> _Work order_
In the copy, include every entry exactly but none of its images.

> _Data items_
»»

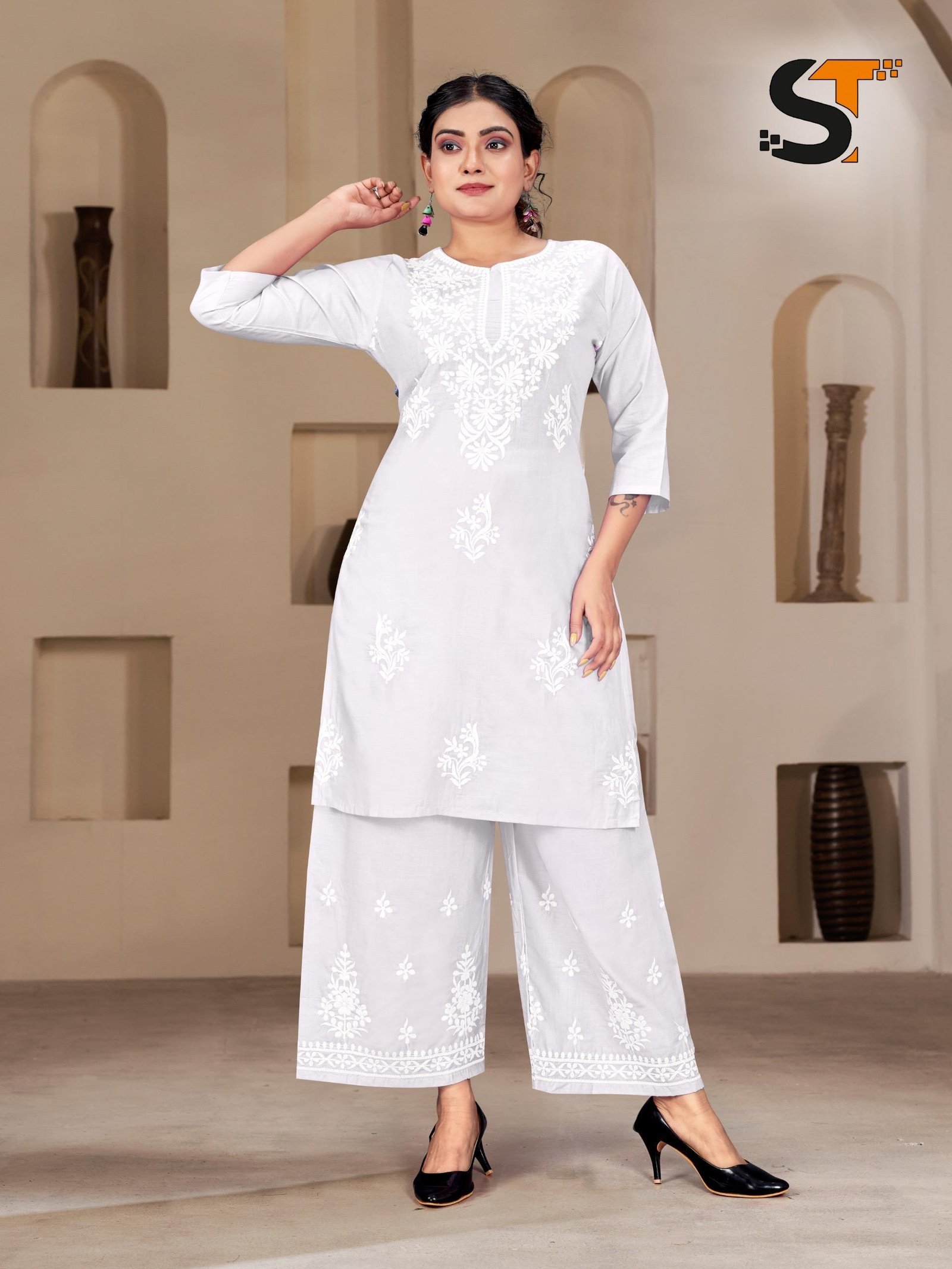 Embroidery Work kurti+Plazzo for Office and Regular Wear_
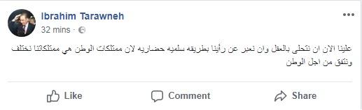 ووجه الطراونة نداء الى ابناء الوطن عبر صفحته الشخصية في موقع الفيس بوك بالقول "علينا الان ان نتحلى بالعقل وان نعبر عن رأينا بطريقه سلميه حضاريه لان ممتلكات الوطن هي ممتلكاتنا نختلف ونتفق من اجل الوطن".
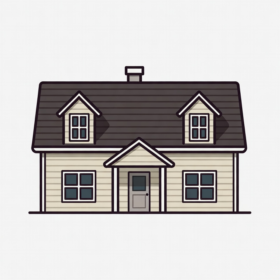 A minimalist line drawing of a two-story house with beige siding and dark gray sloped roof. It features two dormer windows, front windows, a central door under a small porch, and a chimney. The illustration is on an isolated white background.
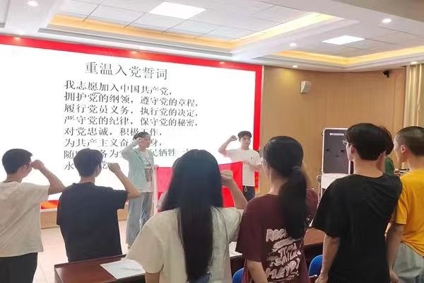 最后,全体党员纷纷举起右拳重温入党誓词。现场的宣誓声铿锵有力,神圣而豪迈,充分表达了支部党员坚定不移永远跟党走的决心。
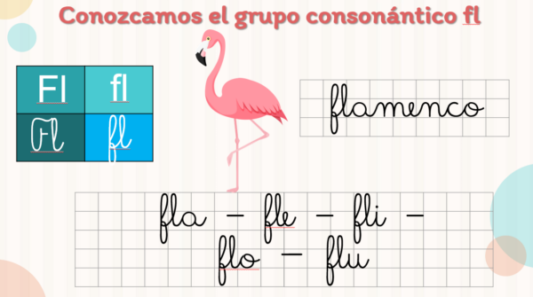 – Diapositiva de presentación del grupo consonántico con su escritura en ligada e imprenta + imágen representativa y sílabas fra-fre-fri-fro-fru / fla-fle-fli-flo-flu en ligada.
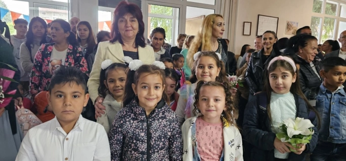 Някои от децата, записани за първи клас, не говорят български. Някъде до Коледа учат езика, а това е половината от учебната година. "Имаме изключителни учители - всеотдайни, мотивирани и опитни", споделя още Гърков. Казва го и в приветствието си по-късно пред всички.
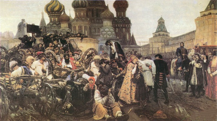 14、近卫军临刑的早晨 (俄)苏里柯夫 油画 1881年 218×375cm 藏于特列恰可夫画廊 《近卫军临刑的早晨》描写了17世纪俄国历史上的一件真事。1698年正当彼得大帝出国访问时,俄国发生了近卫军兵变。彼得大帝得知后仓促回国,立即残酷地镇压了这次兵变。画面的背景是莫斯科克里姆林宫的墙外和华西里伯拉仁诺大教堂的天球顶。身穿海蓝色军装的彼得大帝骑在高头大马上,亲自监督处决“谋反” 的近卫军。他的背后是整齐森严的行刑队和一排绞刑架,他的右边是一群外国使节和他的宠臣。占据画面大部分前景的是动乱的人群,一些农民装束的近卫军家属围绕在六个即将临刑的近卫军身旁,他们悲痛地哭泣着。表现了宁死不屈的俄罗斯民族的坚强性格。苏里柯夫(1848-1916)善于创作大型历史画,《近卫军临刑的早晨》、《缅希柯夫在别留佐夫镇》、《女贵族莫洛卓娃》被称为苏里柯夫历史画的“三部曲”。
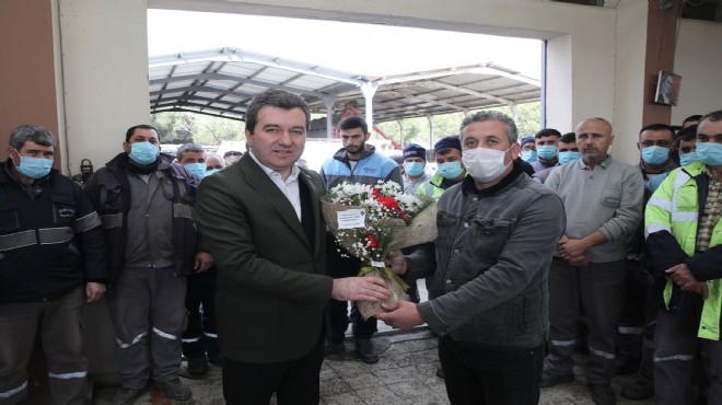 Belediye Temizlik İşleri Müdürlüğü’nde çalışan işçilerin müdür ve amirleri ile birlikte organize ettiği etkinlik, işçilerin dinlenme salonunda gerçekleştirildi. Etkinliğe davet edilen Belediye Başkanı Hakan Koştu, Belediye Başkan Yardımcıları Aşkın Uyar, Cüneyt Umutlu, Hizmet-İş Sendikası İzmir Şube Başkanı Gültekin Şimşek ve sendika temsilciler hep birlikte katıldı. Başkan Koştu, gelişinde işçiler tarafından alkışlar ile karşılandı. ‘En Büyük Başkan, Bizim Başkan’ diye tezahüratta bulunan işçiler, tatlı ve meşrubat ikramı yanında Belediye Başkanı Hakan Koştu, Hizmet-İş Sendikası Başkanı Gültekin Şimşek, Belediye Başkan Yardımcıları Aşkın Uyar, Cüneyt Umutlu ve temsilciler adına Sendika Baş Temsilcisi Ferit Özcan’a çiçek verdiler.
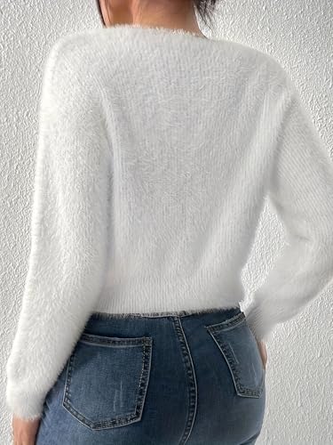 More information about Womens Cute Rhinestone Bow Cardigan Sexy V Neck Long Sleeve Fuzzy Sweater Casual Open Front Knit Crop Top
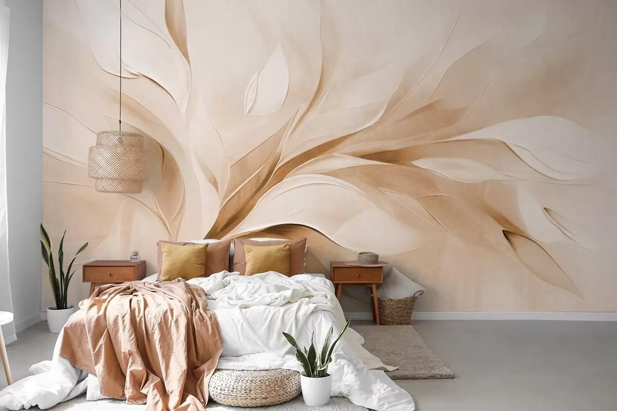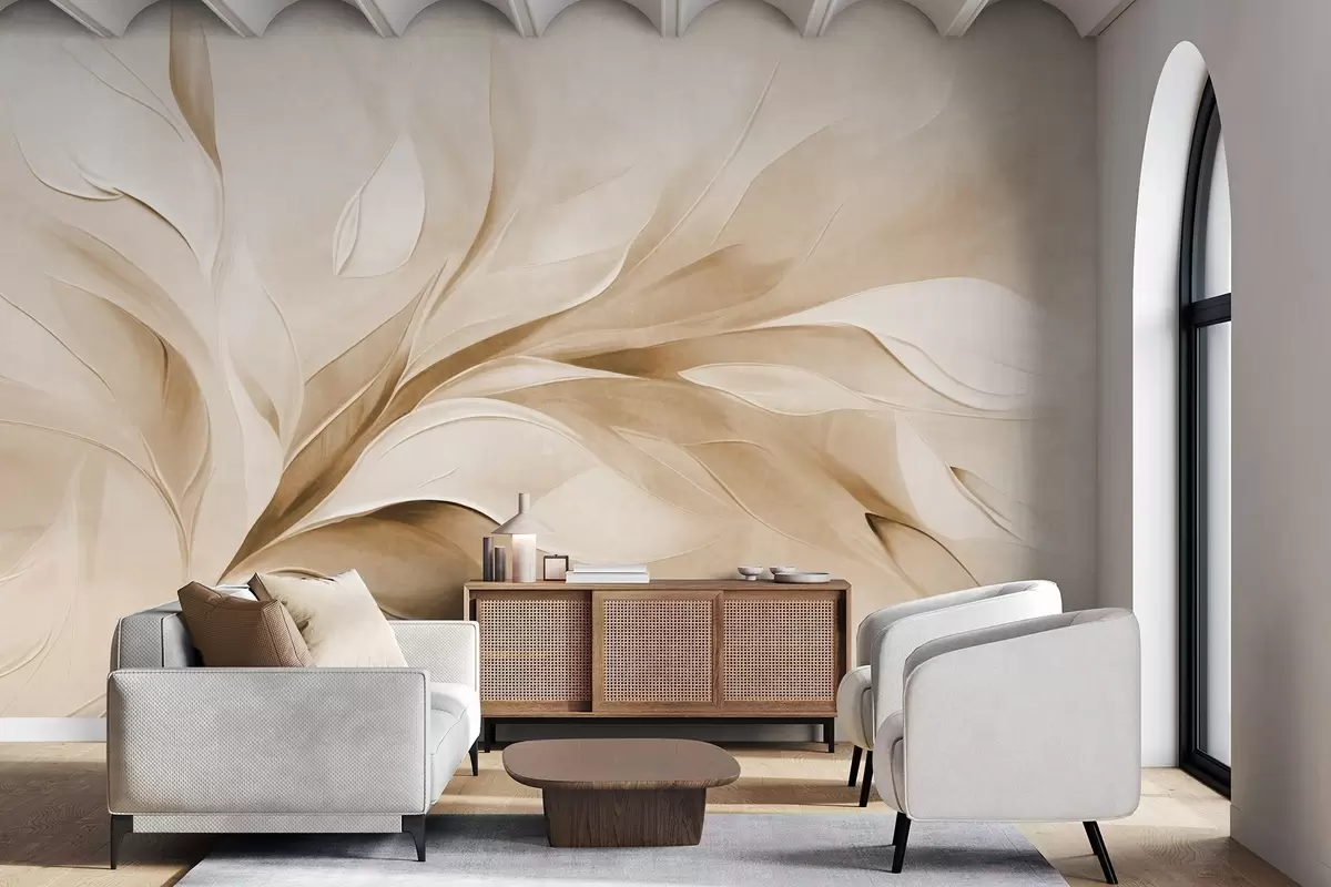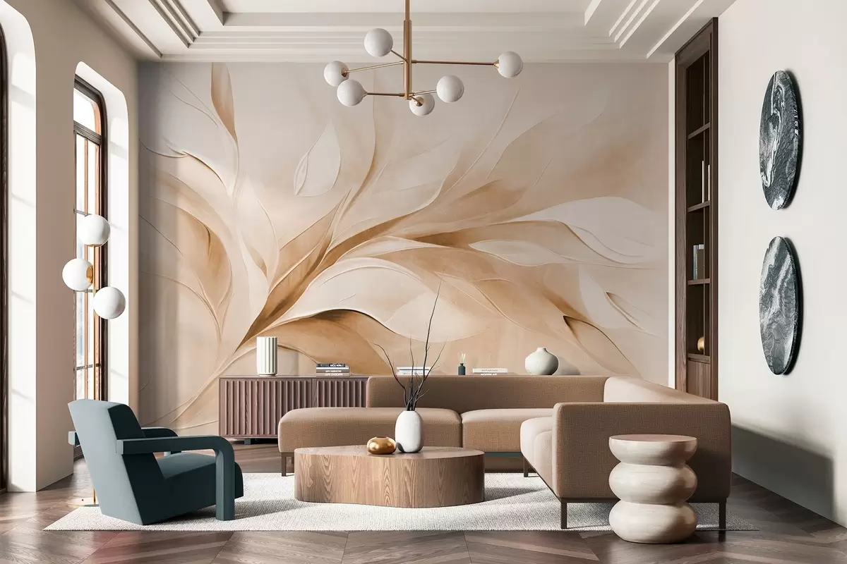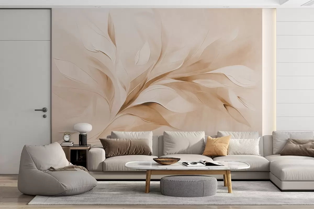 Fototapetak Absztrakt textúrájú festészeti stílus, bézs és fehér színű, lebegő levelekkel Nr. w09765v1
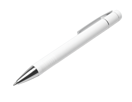 White ballpoint pen, cap on, silver tip, angled
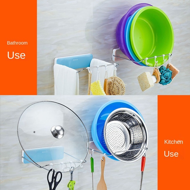 Βάση τοίχου της Ecoco, ιδανική για την κουζίνα ή το μπάνιο. Προσφέρει χώρους αποθήκευσης διαφόρων σκευών όπως τηγάνια, καπάκια κατσαρόλας και λεκάνες ενώ εξοπλίζεται με 4 γάντζους για την αποθήκευση περισσότερων σκευών. Τοποθετείται εύκολα σε οποιαδήποτε επίπεδη επιφάνεια με αυτοκόλλητα κλιπ τα οποία αποσπώνται από την βάση, διευκολύνοντας τον καθαρισμό της. Επιπλέον η βάση είναι πτυσσόμενη και μαζεύεται εύκολα για εξοικονόμηση χώρου όταν δεν χρησιμοποιείται.

««

> _The completed task_
 Embroidery Work kurti+Plazzo for Office and Regular Wear_
 ووجه الطراونة نداء الى ابناء الوطن عبر صفحته الشخصية في موقع الفيس بوك بالقول "علينا الان ان نتحلى بالعقل وان نعبر عن رأينا بطريقه سلميه حضاريه لان ممتلكات الوطن هي ممتلكاتنا نختلف ونتفق من اجل الوطن".
 A minimalist line drawing of a two-story house with beige siding and dark gray sloped roof. It features two dormer windows, front windows, a central door under a small porch, and a chimney. The illustration is on an isolated white background.
 最后,全体党员纷纷举起右拳重温入党誓词。现场的宣誓声铿锵有力,神圣而豪迈,充分表达了支部党员坚定不移永远跟党走的决心。
 – Diapositiva de presentación del grupo consonántico con su escritura en ligada e imprenta + imágen representativa y sílabas fra-fre-fri-fro-fru / fla-fle-fli-flo-flu en ligada.
 Някои от децата, записани за първи клас, не говорят български. Някъде до Коледа учат езика, а това е половината от учебната година. "Имаме изключителни учители - всеотдайни, мотивирани и опитни", споделя още Гърков. Казва го и в приветствието си по-късно пред всички.
 14、近卫军临刑的早晨 (俄)苏里柯夫 油画 1881年 218×375cm 藏于特列恰可夫画廊 《近卫军临刑的早晨》描写了17世纪俄国历史上的一件真事。1698年正当彼得大帝出国访问时,俄国发生了近卫军兵变。彼得大帝得知后仓促回国,立即残酷地镇压了这次兵变。画面的背景是莫斯科克里姆林宫的墙外和华西里伯拉仁诺大教堂的天球顶。身穿海蓝色军装的彼得大帝骑在高头大马上,亲自监督处决“谋反” 的近卫军。他的背后是整齐森严的行刑队和一排绞刑架,他的右边是一群外国使节和他的宠臣。占据画面大部分前景的是动乱的人群,一些农民装束的近卫军家属围绕在六个即将临刑的近卫军身旁,他们悲痛地哭泣着。表现了宁死不屈的俄罗斯民族的坚强性格。苏里柯夫(1848-1916)善于创作大型历史画,《近卫军临刑的早晨》、《缅希柯夫在别留佐夫镇》、《女贵族莫洛卓娃》被称为苏里柯夫历史画的“三部曲”。
 Belediye Temizlik İşleri Müdürlüğü’nde çalışan işçilerin müdür ve amirleri ile birlikte organize ettiği etkinlik, işçilerin dinlenme salonunda gerçekleştirildi. Etkinliğe davet edilen Belediye Başkanı Hakan Koştu, Belediye Başkan Yardımcıları Aşkın Uyar, Cüneyt Umutlu, Hizmet-İş Sendikası İzmir Şube Başkanı Gültekin Şimşek ve sendika temsilciler hep birlikte katıldı. Başkan Koştu, gelişinde işçiler tarafından alkışlar ile karşılandı. ‘En Büyük Başkan, Bizim Başkan’ diye tezahüratta bulunan işçiler, tatlı ve meşrubat ikramı yanında Belediye Başkanı Hakan Koştu, Hizmet-İş Sendikası Başkanı Gültekin Şimşek, Belediye Başkan Yardımcıları Aşkın Uyar, Cüneyt Umutlu ve temsilciler adına Sendika Baş Temsilcisi Ferit Özcan’a çiçek verdiler.
 More information about Womens Cute Rhinestone Bow Cardigan Sexy V Neck Long Sleeve Fuzzy Sweater Casual Open Front Knit Crop Top
 Fototapetak Absztrakt textúrájú festészeti stílus, bézs és fehér színű, lebegő levelekkel Nr. w09765v1
 White ballpoint pen, cap on, silver tip, angled
 Βάση τοίχου της Ecoco, ιδανική για την κουζίνα ή το μπάνιο. Προσφέρει χώρους αποθήκευσης διαφόρων σκευών όπως τηγάνια, καπάκια κατσαρόλας και λεκάνες ενώ εξοπλίζεται με 4 γάντζους για την αποθήκευση περισσότερων σκευών. Τοποθετείται εύκολα σε οποιαδήποτε επίπεδη επιφάνεια με αυτοκόλλητα κλιπ τα οποία αποσπώνται από την βάση, διευκολύνοντας τον καθαρισμό της. Επιπλέον η βάση είναι πτυσσόμενη και μαζεύεται εύκολα για εξοικονόμηση χώρου όταν δεν χρησιμοποιείται.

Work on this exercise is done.